What this task involves:
Copy the lines below, word for word, from the first through the line containing "2008 habe ich". Leave the pictures out.

Collected data:
+++

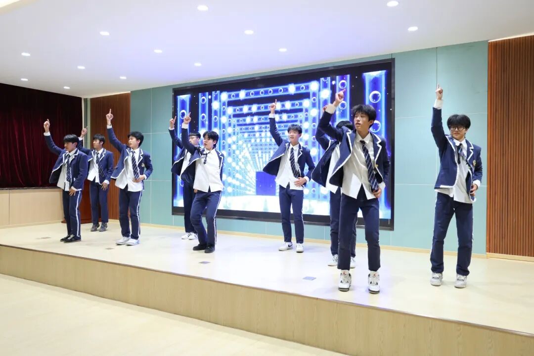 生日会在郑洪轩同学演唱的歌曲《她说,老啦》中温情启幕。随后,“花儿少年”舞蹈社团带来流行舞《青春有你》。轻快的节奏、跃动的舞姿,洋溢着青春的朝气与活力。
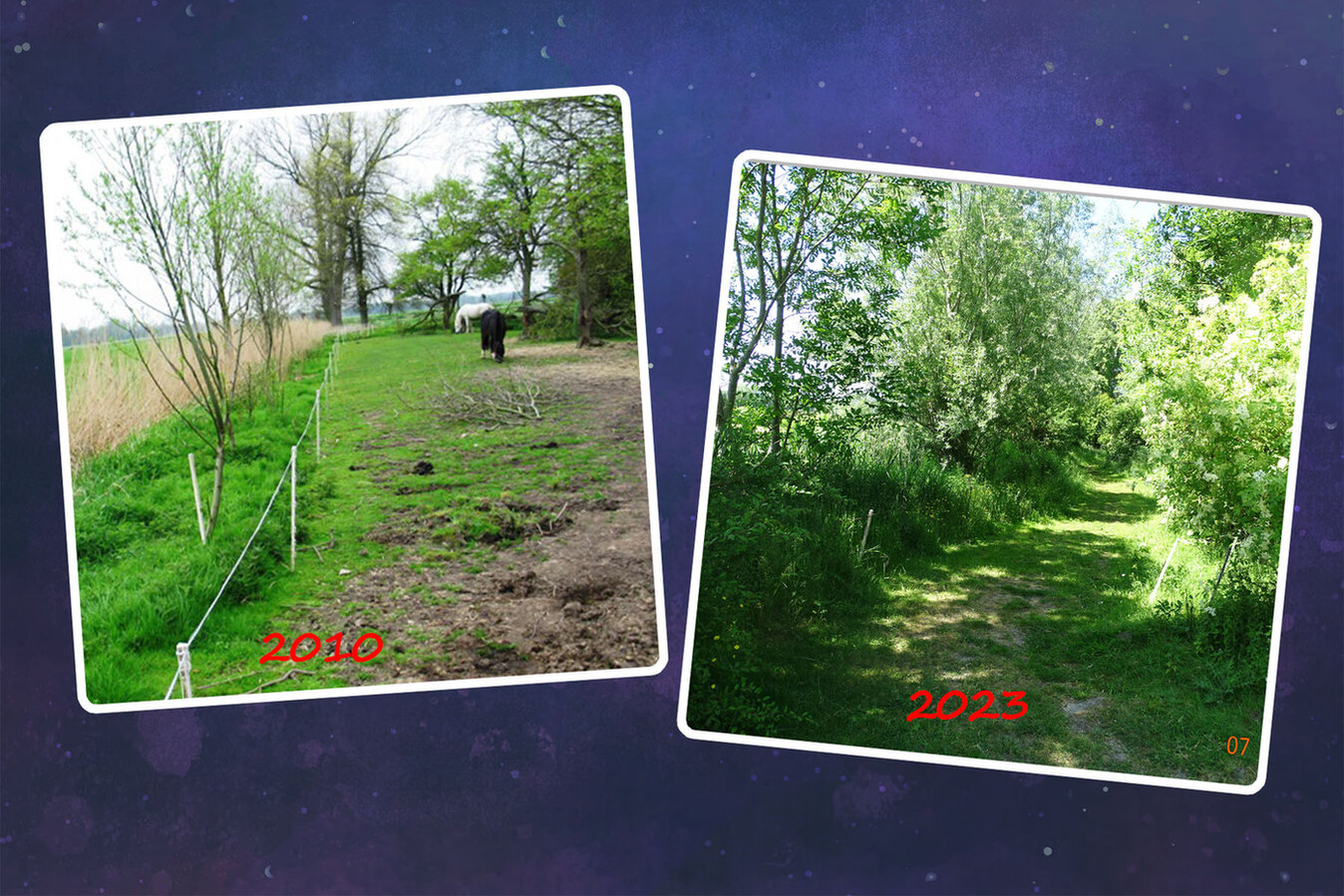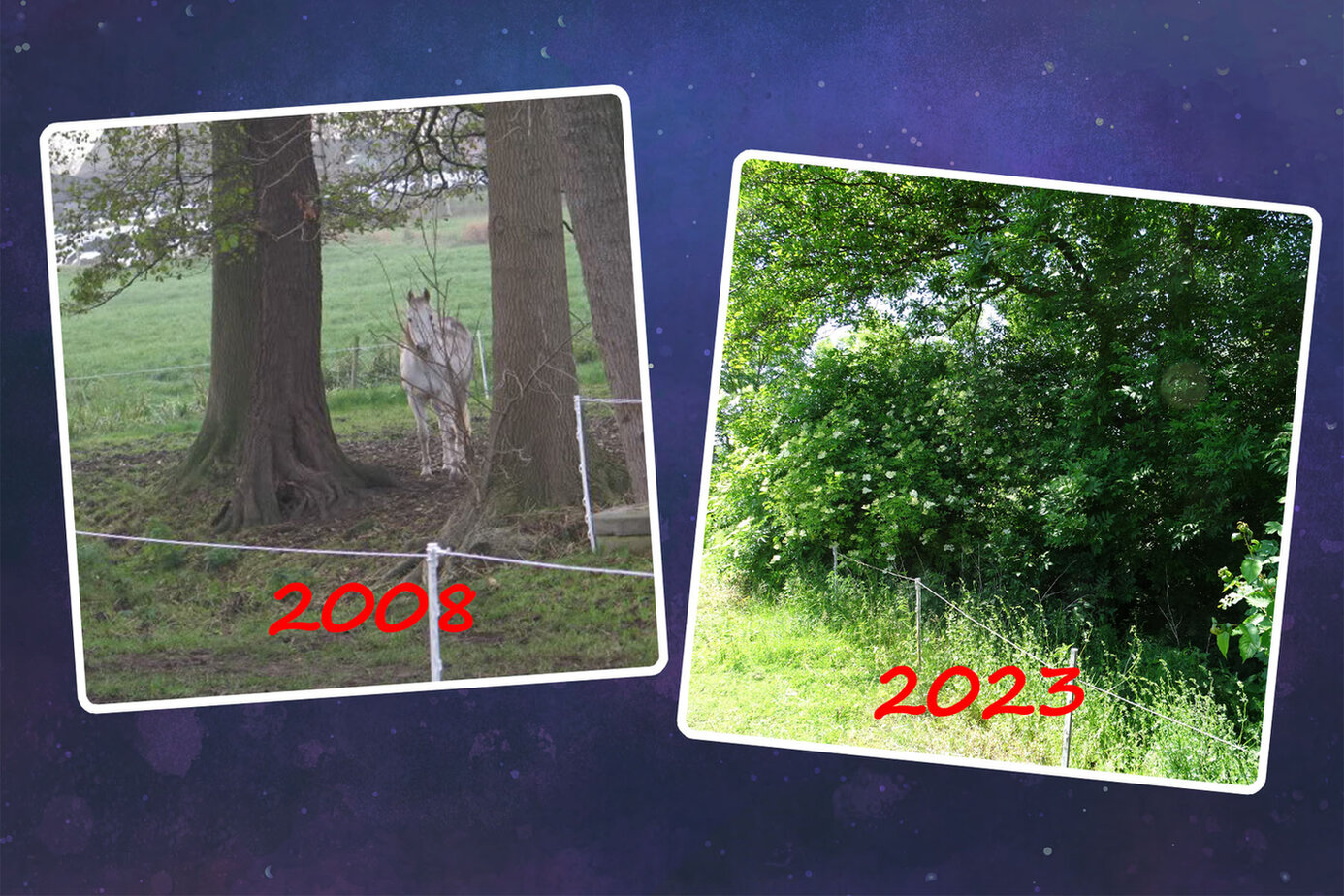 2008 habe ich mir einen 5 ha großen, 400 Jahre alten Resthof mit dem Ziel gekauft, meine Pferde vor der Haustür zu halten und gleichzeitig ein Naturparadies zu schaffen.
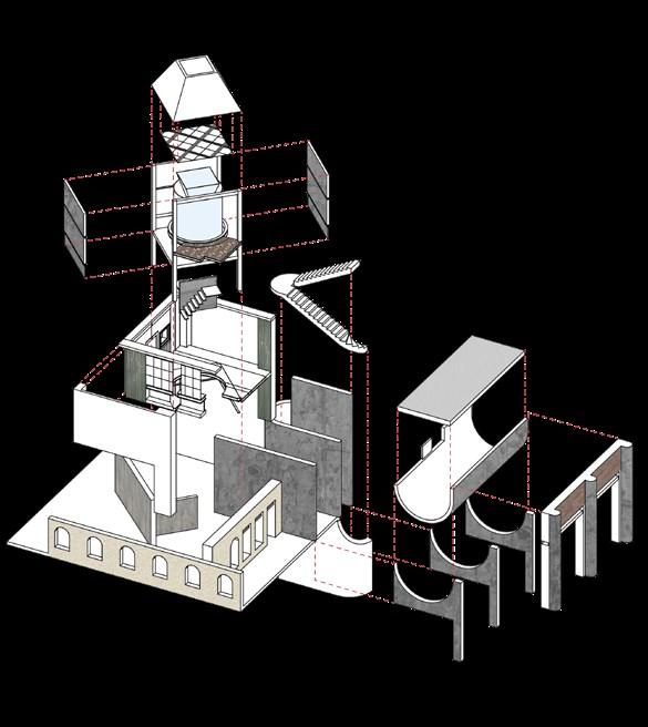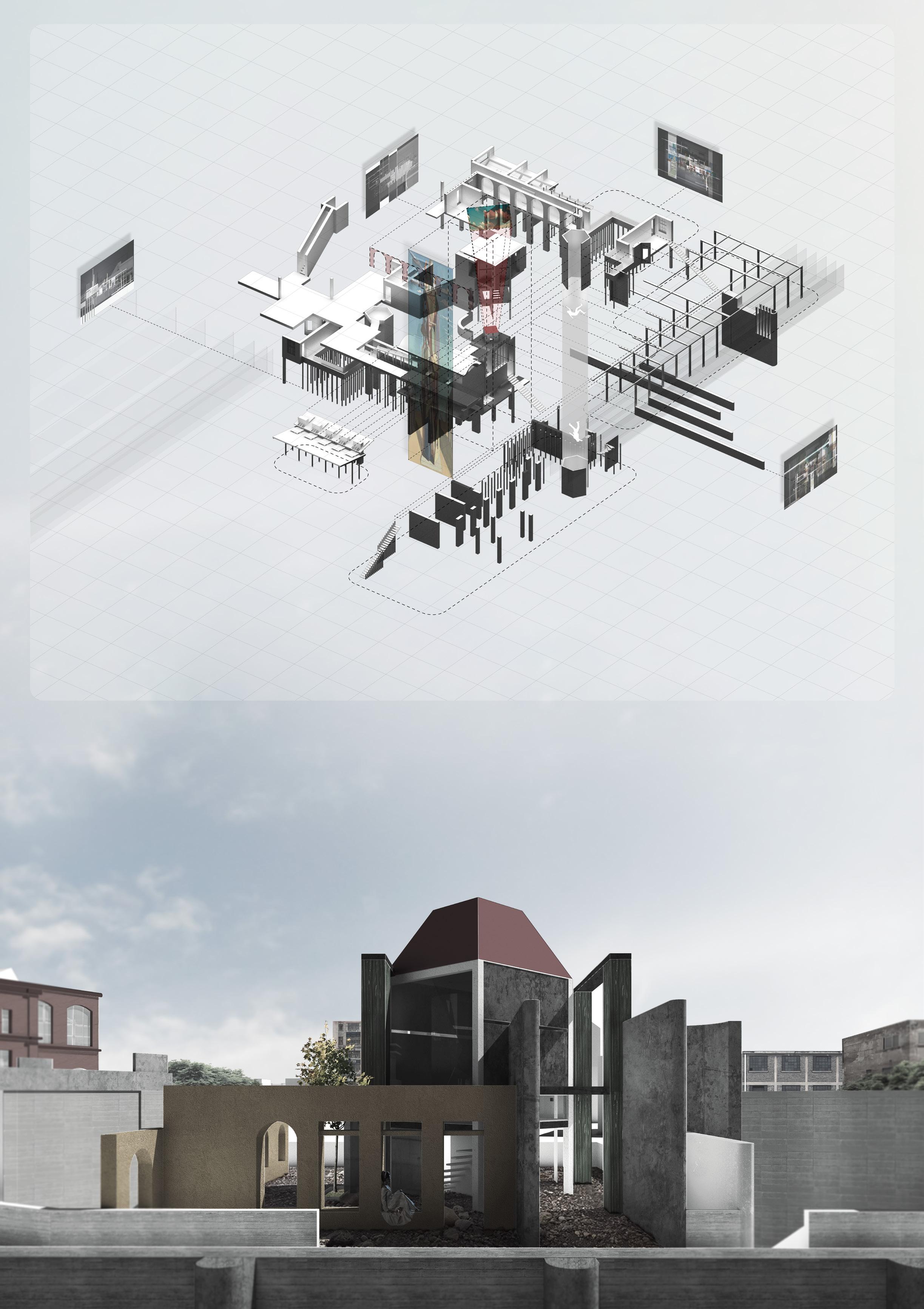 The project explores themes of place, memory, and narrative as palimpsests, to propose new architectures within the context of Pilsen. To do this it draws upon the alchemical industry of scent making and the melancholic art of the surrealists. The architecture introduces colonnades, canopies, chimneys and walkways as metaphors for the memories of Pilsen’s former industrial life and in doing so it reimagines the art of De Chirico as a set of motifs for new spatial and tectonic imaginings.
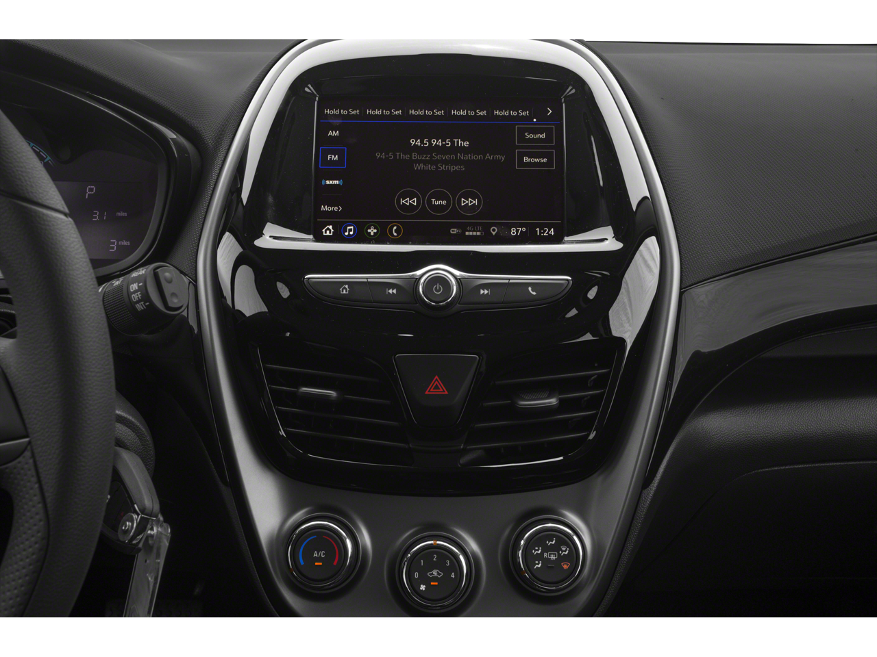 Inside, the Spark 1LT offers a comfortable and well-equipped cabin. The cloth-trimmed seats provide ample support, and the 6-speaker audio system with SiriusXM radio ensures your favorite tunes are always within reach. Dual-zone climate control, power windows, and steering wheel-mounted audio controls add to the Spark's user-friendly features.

+++

Exercise answer:
 生日会在郑洪轩同学演唱的歌曲《她说,老啦》中温情启幕。随后,“花儿少年”舞蹈社团带来流行舞《青春有你》。轻快的节奏、跃动的舞姿,洋溢着青春的朝气与活力。
 2008 habe ich mir einen 5 ha großen, 400 Jahre alten Resthof mit dem Ziel gekauft, meine Pferde vor der Haustür zu halten und gleichzeitig ein Naturparadies zu schaffen.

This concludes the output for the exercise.